ABOUT THIS TASK:
Leaving out the pictures, return each line of the entries from the first through the line with "The image displays", and only those lines.

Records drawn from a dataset
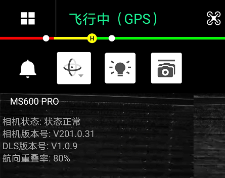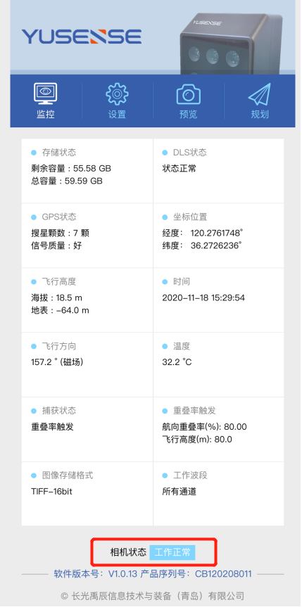 (1)相机上电完成自检后,进入多光谱影像界面,只要显示“状态正常”,则表明可以正常工作,同时DLS与相机均显示绿灯。
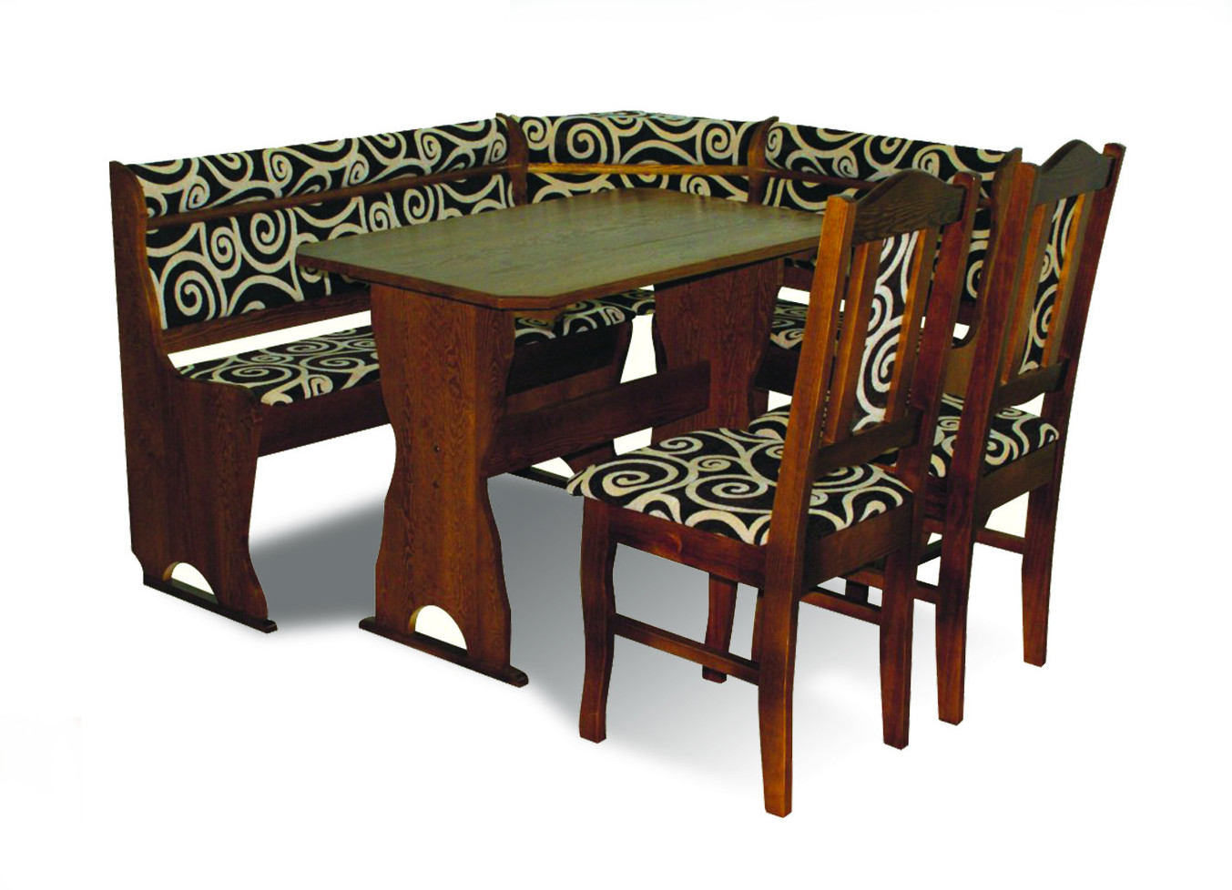 Stylová kuchyňská rohová sestava složená ze stolu, rohové lavice a dvou židlí působí velmi elegantním dojmem. Kvalitní polstrování lavice a židlí zaručuje vysoký komfort při sezení. Lavice je variabilní, pi montáži si sami zvolíte, zda bude umístěna vlevo či vpravo. Rohový jídelní set se vyrábí v několika variantách barevného moření dřeva. V naší nabídce naleznete rovněž velký výběr potahových látek pro čalounění.
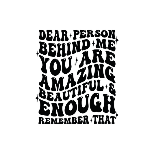 A motivational graphic featuring the uplifting message, "Dear person behind me, you are amazing, beautiful, and enough." dtf transfers
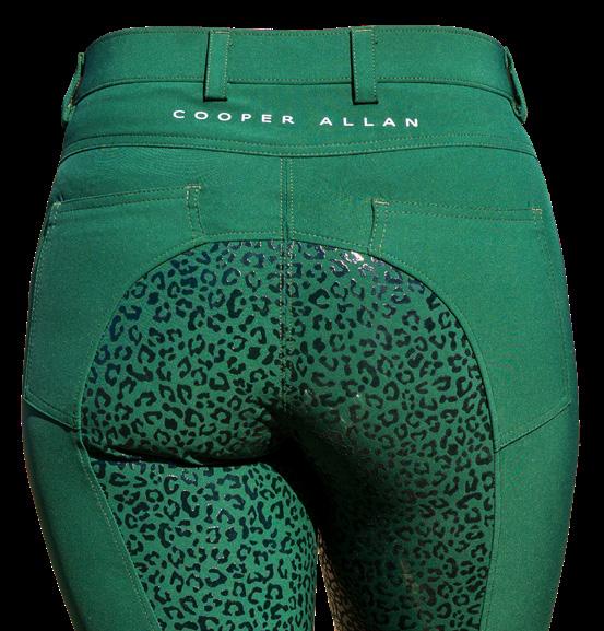 Woven breech with full seat gel grip in animal print. 4 pockets and Cooper Allan logo on the back, lycra sock and belt loops. Moss or Brown.
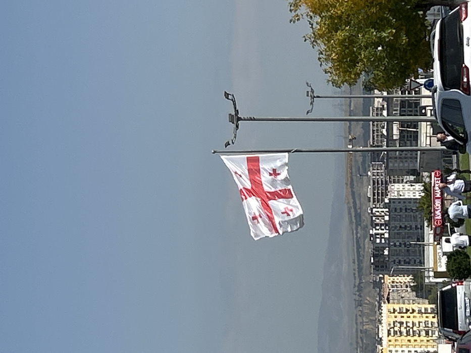 The image displays an urban scene in Rustavi, Georgia, under a clear, pale blue sky with a distant hazy mountain range on the horizon
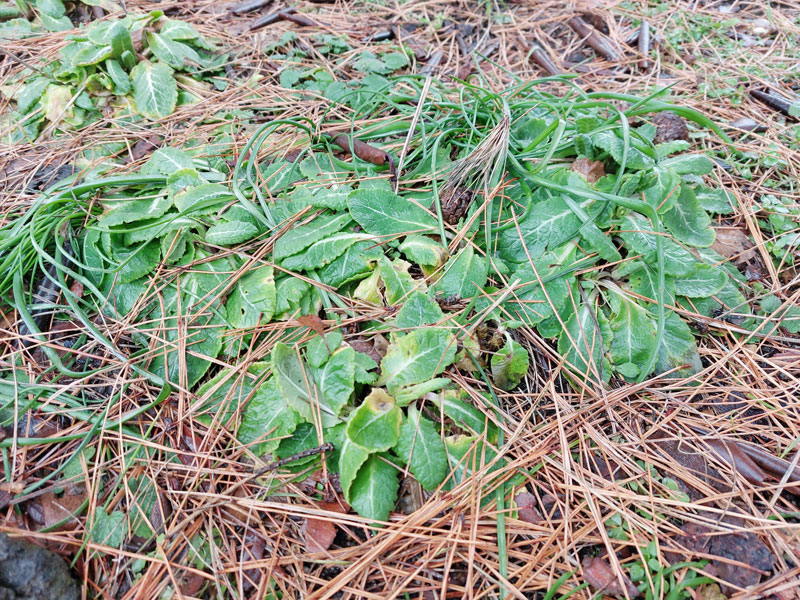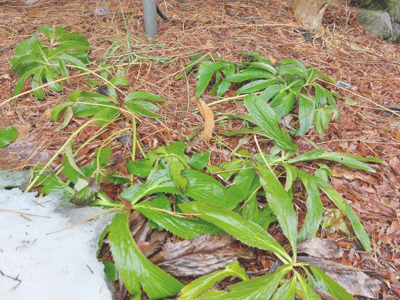 10日ほど前まで1メートルほど積まれていた雪山が、一晩の風雨ですっかり無くなりそこから草花の葉っぱが顔を出していた。
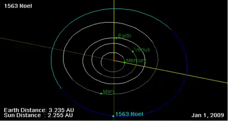 Орбита астероида Ноэль и его положение в Солнечной системе
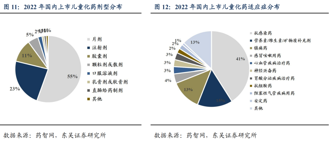 中国儿童药物市场专用品种少、适宜剂型少、生产企业少,市场需求亟待解决。儿童用药与成人用药差异大,目前市场缺乏儿童适用的剂型和规格,现有药物适应症覆盖不够全面。儿童药是指 14 岁以下未成年人所使用的药品,目前可分为儿童专用药和儿童适用药。从身体发育角度来看,儿童多器官发育不完全,药物的吸收、代谢以及排泄过程都和成人有所不同,比如儿童血脑屏障不成熟、代谢酶不稳定、胃肠动力小、肾功能不稳定等,对药物更为敏感,耐受性较差,导致药物研发有难度。从依从性来看,儿童对药品适宜性要求高,而市面上仍多以普通片剂、注射剂、胶囊剂为主,缺乏儿童适用的咀嚼剂、散剂等。从适应症来看,我国儿童用药仍以抗感染药、营养素/维生素等为主,缺乏治疗神经、心血管、内分泌、血液等多个系统的药品,同时缺乏儿童专用特药。据药智网统计,截至 2022 年,中国上市的儿童化药按批文计有约 4000 个,按品种计有约 1300 个,按活性组分有约 1300 个,且主要以处方药为主,占比 86%,儿童用药的稀缺问题亟待解决。
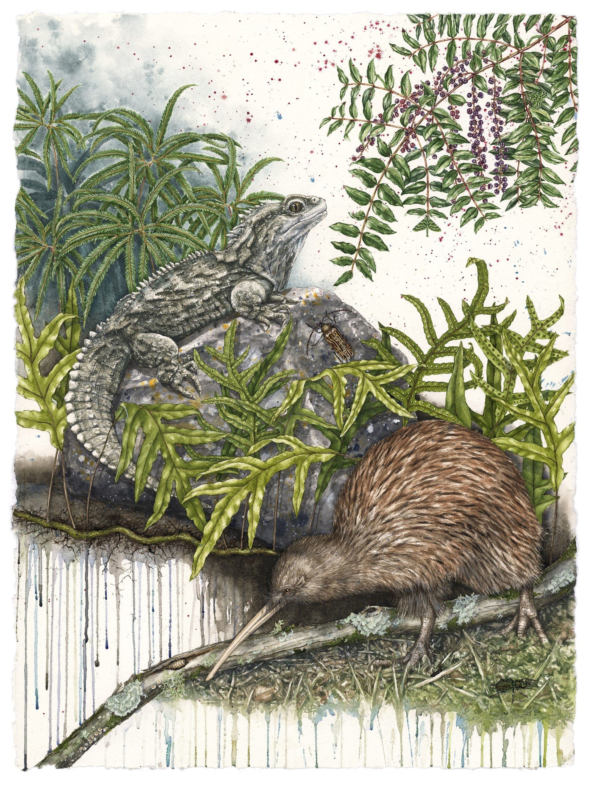 With the support of the Hokonui Rūnanga it also highlights the importance of this section of the Mataura River for its numerous mahinga kai sites and its role as a pathway for those who have gone before. These sites include: Kowhaka-ruru/ Pyramid Hill down to Wharekorokio, Hoka-nui/ East Peak and the Hokonui Hills, Ōnuku/ East Gore Terrace, Kahuika/ Junction of the Waikākahi/ Waikaka and Mataura rivers, Te Au nui Pihapiha Kanakana/ Mataura Falls, Mouth of the Waimumu Stream and Tuturau. Due to the lack of remaining native vegetation and the loss of many species, I have chosen to illustrate what would have been present in pre-European times. I have selected only that which could be reintroduced as to include all the extinct species would be another body of work and perhaps… I like the concept of the possible not the impossible!

OUTPUT FOR THIS TASK:
 (1)相机上电完成自检后,进入多光谱影像界面,只要显示“状态正常”,则表明可以正常工作,同时DLS与相机均显示绿灯。
 Stylová kuchyňská rohová sestava složená ze stolu, rohové lavice a dvou židlí působí velmi elegantním dojmem. Kvalitní polstrování lavice a židlí zaručuje vysoký komfort při sezení. Lavice je variabilní, pi montáži si sami zvolíte, zda bude umístěna vlevo či vpravo. Rohový jídelní set se vyrábí v několika variantách barevného moření dřeva. V naší nabídce naleznete rovněž velký výběr potahových látek pro čalounění.
 A motivational graphic featuring the uplifting message, "Dear person behind me, you are amazing, beautiful, and enough." dtf transfers
 Woven breech with full seat gel grip in animal print. 4 pockets and Cooper Allan logo on the back, lycra sock and belt loops. Moss or Brown.
 The image displays an urban scene in Rustavi, Georgia, under a clear, pale blue sky with a distant hazy mountain range on the horizon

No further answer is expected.